Une pièce agréable à lire, et probablement à jouer ou à voir jouée. Le sort inéluctable du roi tient en haleine tout le temps de la pièce, rythmé par ses éruptions soudaines de vie. Ce personnage tragique est émouvant, à la fois tellement humain dans son amour de la vie et dans son égoïsme, incapable d'imaginer un monde sans lui, cherchant désespérément un moyen de se soustraire à son destin. Le souverain désolé exprime à merveille la vanité de la résistance à la mort, et de la valeur toute relative des rangs et du pouvoir des hommes dans leur volonté de continuer à vivre.

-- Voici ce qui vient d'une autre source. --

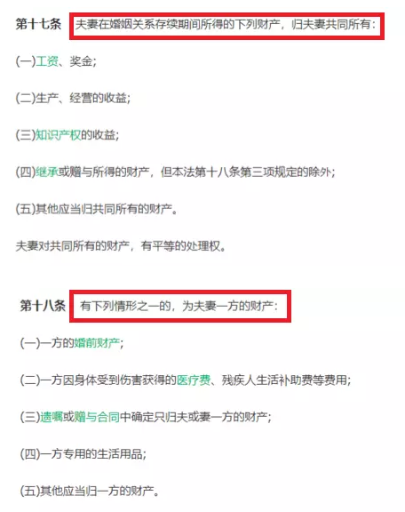 其次,如何分配保險的問(wèn)題取決于保險財產(chǎn)是兩個(gè)人的共同財產(chǎn)還是一方的個(gè)人財產(chǎn)。對于個(gè)人財產(chǎn)和共同財產(chǎn)的定義,讓我們看一下《婚姻法》第十七條、十八條、以及十九條的相關(guān)內容。
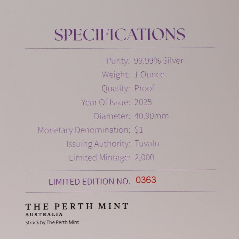 На аверсе изображен Его Величество король Чарльз III. На усечении шеи инициалы дизайнера JC (Jody Clark). Вдоль канта надпись: KING CHARLES III TUVALU · 1oz 9999 Ag 2025 1 DOLLAR · (Король Чарльз III, страна-эмитент, вес и проба серебра, год чеканки, номинал).

« Le Roi se meurt » reprend certains codes de la tragédie à la Racine ou à la Corneille et en délaisse d'autres. Il y est question de personnages hauts placés, mais l'habituelle régularité des vers laisse place à la spontanéité de la prose. On comprend très vite que la pièce ne se terminera pas sans le décès du roi, et (attention, spoiler qui n'en est pas vraiment un) celui-ci aura lieu au mépris de la vieille règle de bienséance interdisant de montrer une mort sur scène (fin du spoiler qui n'en est pas vraiment un). Le pathos de certaines scènes est sensible, mais l'auteur se permet d'introduire assez fréquemment une dose de dérision ou de comique.
Une tragédie hors du commun dans son fond comme dans sa forme, à la fois réflexion philosophique sur les derniers instants d'un homme et univers original par les dialogues, le cadre hors du temps et la modernisation des codes de la tragédie.